Machine Learning for Complete Intersection Calabi-Yau Manifolds: a Methodological Study

Published in Phys. Rev. D, 103, 12, 126014, 2021

Cite as: H. Erbin, R. Finotello. 'Machine Learning for Complete Intersection Calabi-Yau Manifolds: a Methodological Study'. Phys.Rev.D 103 (2021) 12, 126014 https://doi.org/10.1103/PhysRevD.103.126014

We revisit the question of predicting both Hodge numbers $h^{1,1}$ and $h^{2,1}$ of Complete Intersection Calabi-Yau 3-folds using machine learning, considering both the old and new datasets built respectively by Candelas-Dale-Lutken-Schimmrigk/Green-Hübsch-Lutken and by Anderson-Gao-Gray-Lee. In real world applications, implementing a ML system rarely reduces to feed the brute data to the algorithm.
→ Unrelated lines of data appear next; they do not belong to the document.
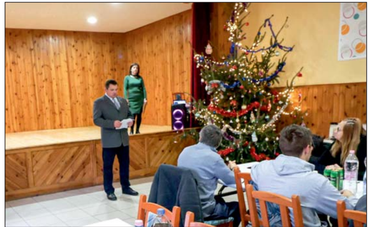
Ünnepi program volt.

A műsorban a Fürge ujjak kézimunka szakkör tagjai idősek napi és karácsonyi műsorral léptek fel, melyben versek, népdalok és könnyűzenei dalok szerepeltek. A Liliom-Dance táncsoport több táncot mutatott be a közönségnek, valamint a helyi óvodások és kisiskolások ünnepi verseit hallgathatták az egybegyűltek. Az ünnepi program a felnőttek keringőjével zárult.
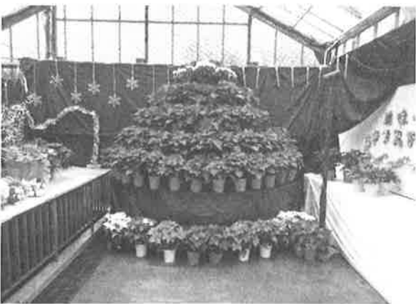
写真3 ポインセチアで作ったクリスマスツリー
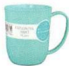
プラスチックコップ
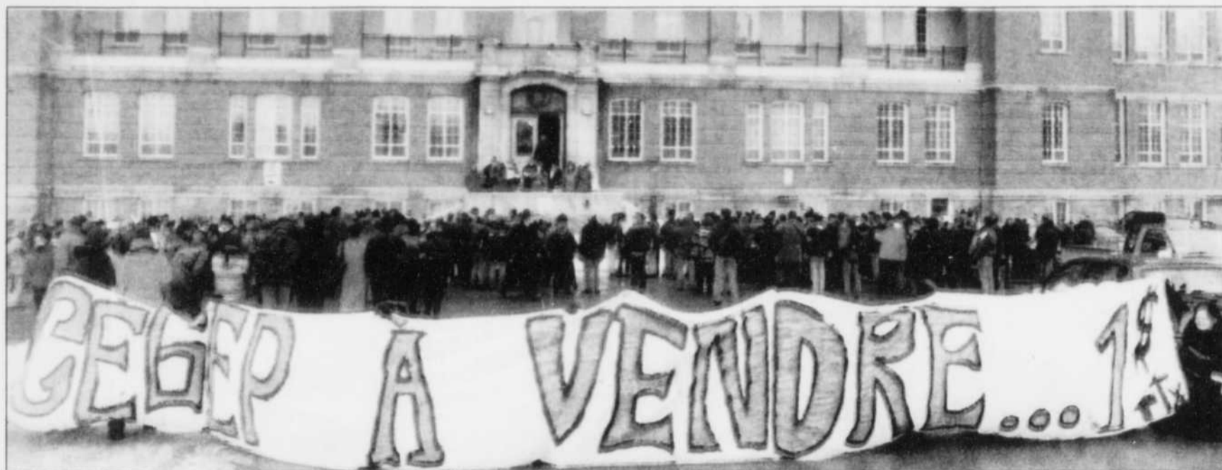
Le groupe a déployé une longue banderole « Cégep à vendre... 1 $ » pendant la manifestation à Rimouski, hier.

1 000 milles Aéroparc GOUVERNEUR HÔTEL PLACE DUPUIS MONTRÉAL «Mon hôtel à Montréal» À chaque séjour, doublez vos milles Aéroparc durant les mois de janvier, février et mars 1998. 1 888 910-1111
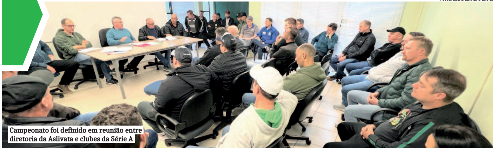
Campeonato foi definido em reunião entre diretoria da Aslivata e clubes da Série A
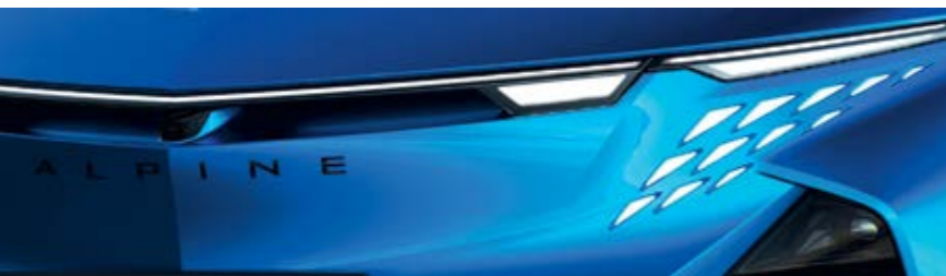
BLEU ALPINE VISION
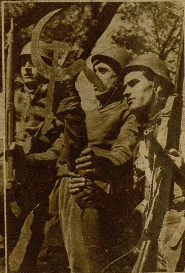
Estos soldados, que han tomado parte en la conquista de una trinchera, de la que desalojaron a los facciosos en valeroso embate, ostentan en el lugar de la lucha el emblema comunista
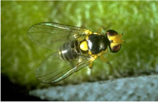
三叶草斑潜蝇
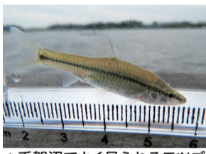
▲手賀沼でよく見られるモツゴ
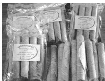
ภาพที่ 14 บรรจุภัณฑ์กลุ่ม ขนมทองม้วนบ้านใหม่ฯ
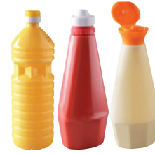
bouteilles d'huile, de sauce
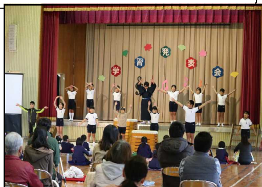
5・6年生の発表の様子

正に上の「開発的生徒指導」を目指した取組となりました。このような充実した取組ができたのも、学校で職員が取組を進めると共に、保護者の方々が趣旨を理解し、各ご家庭でも取組を進めていただいた結果だと思えます。今後、子どもたちと一緒に現在の姿をしっかりと見つめ直すと共に、目標やそれに向けた具体的な努力事項を再度確認し、2学期のまとめと締め括りに向けた取組の充実に努めていきたいと思えます。
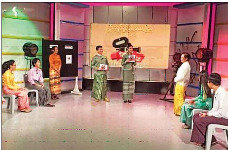
ရုပ်မြင်သံကြား၊ ပြန်ကြားရေးနှင့် ပြည်သူ့ဆက်ဆံရေးဦးစီးဌာန၊ အမျိုးသားယဉ်ကျေးမှုနှင့် အနုပညာတက္ကသိုလ် (ရန်ကုန်) နှင့် မြန်မာနိုင်ငံ ရုပ်ရှင်အစည်းအရုံးတို့ ပူးပေါင်းစီစဉ်ကျင်းပခြင်းဖြစ်သည်။ အဆိုပါပြိုင်ပွဲ ယှဉ်ပြိုင်မှုအား ထုတ်လွှင့်

ရန်ကုန် စက်တင်ဘာ ၁၇ မြန်မာ့ရုပ်ရှင်ရာပြည့်အထိမ်းအမှတ် ရုပ်မြင်သံကြား ဉာဏ်စမ်းပဟေဠိပြိုင်ပွဲ ယှဉ်ပြိုင်မှုများကို ရန်ကုန်မြို့ မြန်မာ့အသံနှင့် ရုပ်မြင်သံကြား စတူဒီယို (၁) တွင် စက်တင်ဘာ ၇ ရက် မှ ၉ ရက်အထိ ကျင်းပသည်။ (ယာပုံ) ပြိုင်ပွဲသို့ ရုပ်ရှင်ချစ်တဲ့သူ၊ Third Boys ၊ Three Stars၊ တော်ဝင်မောင်၊ Sky၊ မဟာစံ၊ ရွှေငွေထိန်၊ Triangle စသည့်အဖွဲ့ရပ်စွဲ၊ ပါဝင်ယှဉ်ပြိုင်ကြပြီး ပထမအဆင့်၊ ဒုတိယအဆင့်၊ ဗိုလ်လုပွဲအဆင့်ဆင့် ယှဉ်ပြိုင်ခဲ့ပြီး ဗိုလ်လုပွဲကို စက်တင်ဘာ ၉ ရက်တွင် ကျင်းပရာ “ရွှေငွေထိန်” အသင်းက ပထမ၊ “Triangle” အသင်းက ဒုတိယ၊ “ရုပ်ရှင်ချစ်တဲ့သူ” အသင်းက တတိယနှင့် “Three Stars” အသင်းက နှစ်သိမ့်ဆုများ ရရှိကြသည်။ မြန်မာ့ရုပ်ရှင်ရာပြည့် အထိမ်းအမှတ် ရုပ်မြင်သံကြားဉာဏ်စမ်း ပဟေဠိပြိုင်ပွဲကို ပြန်ကြားရေးဝန်ကြီးဌာန၊ မြန်မာ့အသံနှင့်
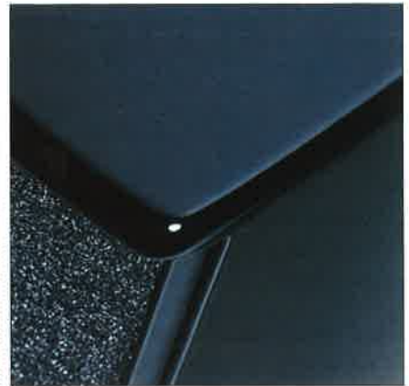
Hochwertiger Klavierlack veredelt die Gehäuse.

Bei der Serie handelt es sich um 2-Wege Bassreflexsysteme, die sich in
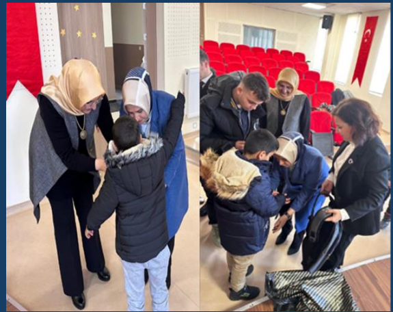
“Minik Yavrularımız için Bot, Mont, Çanta Kampanyası”
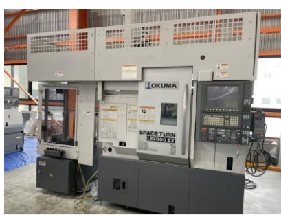
複合NC旋盤 オークマ LB2000EX 2011年製 OSP-P200LA 6吋3爪チャック 管理番号:H017646 置場:マシンプラザ本庄
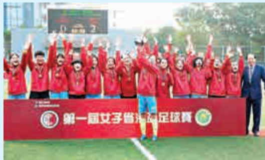
▲廣東女足奪冠，隊員興奮地高舉省港杯
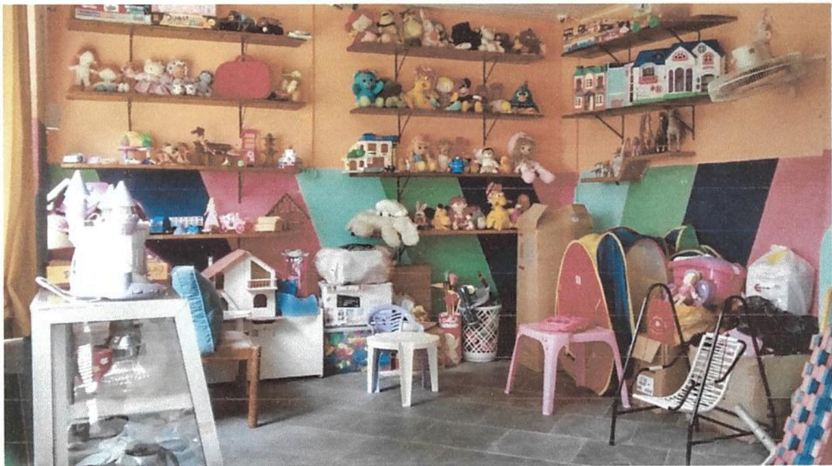
Imagem 2. Brinquedoteca da Associação Casa Naim Salto.
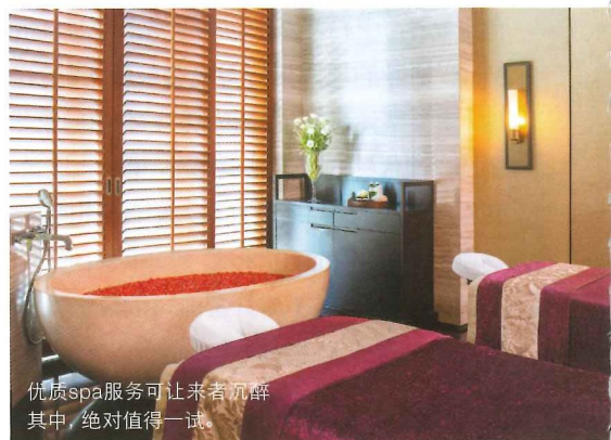
优质spa服务可让来者沉醉其中，绝对值得一试。
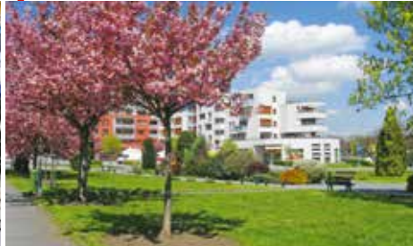
Tyršovo náměstí v roce 2016
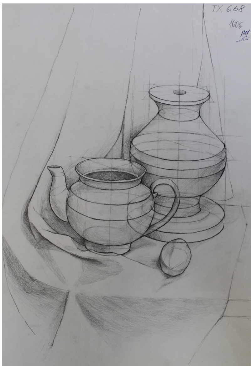
Пример работы по техническому рисунку «Натюрморт»

Instead, the typical workflow starts with an exploratory data analysis which aims at understanding better the input data and finding an optimal representation. It is followed by the design of a validation procedure and a baseline model. Finally, several machine learning models are compared and combined, often involving neural networks with a topology more complicated than the sequential models typically used in physics. By following this procedure, we improve the accuracy of machine learning computations for Hodge numbers with respect to the existing literature. First, we obtain $97\%$ (resp. $99\%$) accuracy for $h^{1,1}$ using a neural network inspired by the Inception model for the old dataset, using only $30\%$ (resp. $70\%$) of the data for training. For the new one, a simple linear regression leads to almost $100\%$ accuracy with $30\%$ of the data for training. The computation of $h^{2,1}$ is less successful as we manage to reach only $50\%$ accuracy for both datasets, but this is still better than the $16\%$ obtained with a simple neural network (SVM with Gaussian kernel and feature engineering and sequential convolutional network reach at best $36\%$). This serves as a proof of concept that neural networks can be valuable to study the properties of geometries appearing in string theory.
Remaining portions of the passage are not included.